While some of their claims were dismissed, plaintiffs' breach of fiduciary duty survived the insurer's motion to dismiss. Senft v. Fireman's Fund Ins. Co., 2015 U.S. Dist. LEXIS 61870 (D. N.J. May 12, 2015).
Plaintiffs' waterfront home was insured by Fireman's Fund. Plaintiffs alleged that the broker represented that the policy would provide (1) coverage in the event of a hurricane,(2) the "highest level of protection" offered by Fireman's Fund, and (3) "exceptional" services in the event of a catastrophe. The policy included a 2% hurricane deductible because of the home's proximity to the ocean.
Hurricane Sandy badly damaged plaintiffs' home. Plaintiffs alleged that the winds from Sandy battered their home long before the storm surge reached the structure.

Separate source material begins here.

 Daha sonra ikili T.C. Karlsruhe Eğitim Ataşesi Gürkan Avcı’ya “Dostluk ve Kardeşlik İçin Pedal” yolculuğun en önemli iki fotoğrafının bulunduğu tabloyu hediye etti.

After the storm, Fireman's Fund rejected the claim without visiting the property. When plaintiffs protested, an inspector made a cursory visit to the property. Fireman's Fund asserted that the storm surge caused all of the damage and the loss was therefore excluded.

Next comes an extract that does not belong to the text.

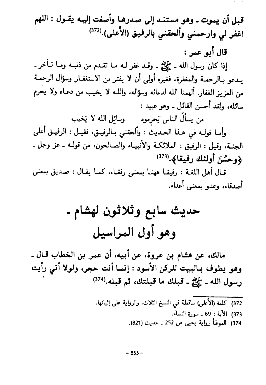حَدِيثٌ سَابِعٌ وَثَلَاثُونَ لِهِشَامٍ وَهُوَ أَوَّلُ الْمَرَاسِيلِ مَالِكٍ عَنْ هِشَامِ بْنِ عُرْوَةَ عَنْ أَبِيهِ أَنَّ عُمَرَ بْنَ الْخَطَّابِ قَالَ وَهُوَ يَطُوفُ بِالْبَيْتِ لِلرُّكْنِ الْأَسْوَدِ إِنَّمَا أَنْتَ حَجَرٌ وَلَوْلَا إِنِّي رَأَيْتُ رَسُولَ اللَّهِ صَلَّى اللَّهُ عَلَيْهِ وَسَلَّمَ قَبَّلَكَ مَا قَبَّلْتُكَ ثم قبلة

Plaintiffs sued and Fireman's Fund moved to dismiss several counts. The court first dismissed the claim for breach of the implied covenant of good faith and fair dealing because it was duplicative of the bad faith count. The court saw no distinction between the two claims.
Regarding the breach of fiduciary duty claim, the court noted that a fiduciary relationship could arise from an insurance agent's interactions with an insured. Plaintiffs adequately pled that Fireman's Fund owed them a fiduciary duty and breached it. The complaint alleged that Fireman's Fund, independently and through its brokers, represented to plaintiffs that the policy provided the type of coverage that they desired and needed. These allegations made it plausible that Fireman's Fund owed a fiduciary duty and breached it by failing to provide coverage for hurricane-related damage that Plaintiffs trusted Fireman's Fund to provide. Therefore, the motion to dismiss the breach of fiduciary duty claim was denied.